Much of this information is provided by governments, universities or companies. But much is also provided by individuals: the web makes it extremely easy to publish material yourself, from photos of your new baby to instructions on how to build a Roman catapult or a home-made bomb. Historically, it has been the big players that have originated, or at least mediated, most publications. They have been the producers and we have been the consumers. We can all be worldwide producers now, and that is something new.

Browsers

Of all of the ways of accessing cyberspace, browsers are (at least at the moment) the most visible. A browser is the program that runs on your computer, and allows you access to the web.

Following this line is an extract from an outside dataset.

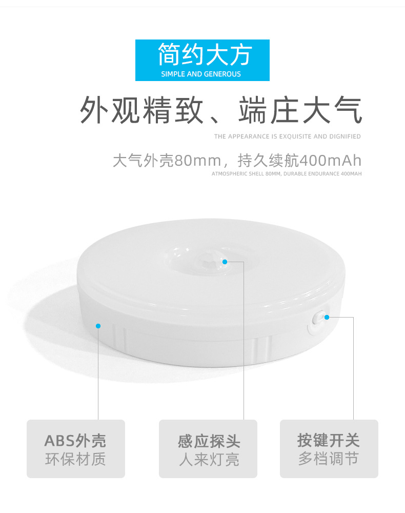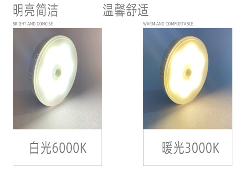 침실 머리맡에 있는 사람들을 위한 LED 인체 유도 야간 조명 충전식, 밝기 조절이 가능한 2색 옷장 캐비닛 조명 침대 옆

It lets you read web pages and follow links they contain, sends and receives email, reads and contributes to bulletin boards, and so on. It is, figuratively, your window on the web. Indeed, people may use their computer for nothing else but running a browser.

Search engines

These are programs that make a sort of index of web pages. The best known build this index by reading all the web pages they can find, and extracting key words or phrases from them. They have to run on very large servers (computers permanently attached to the Internet which provide services to other computers) because the web is enormous, so even an index of the web is very large indeed. You talk to a search engine using (naturally) your browser. You type the words you want to find, say 'Swedish hamster', into a little box, and press a button; your words are sent to the server, which looks them up in its index, and turns the results into a new web page, especially for you; this new web page is sent back to your computer and displayed by your browser.

By using search engines, the cyberspace version of telephone directories, we can find web pages based on what they contain, and not only by their cyberspace 'addresses'. If you want to find a Swedish hamster, you don't need to know it by name - as you would if you used a telephone directory service. You can find it by its description. Interestingly, search engines are one of the rapidly changing areas of cyberspace: they are too good for their own good! A search for hamsters will find you more hamsters than you could possibly cope with.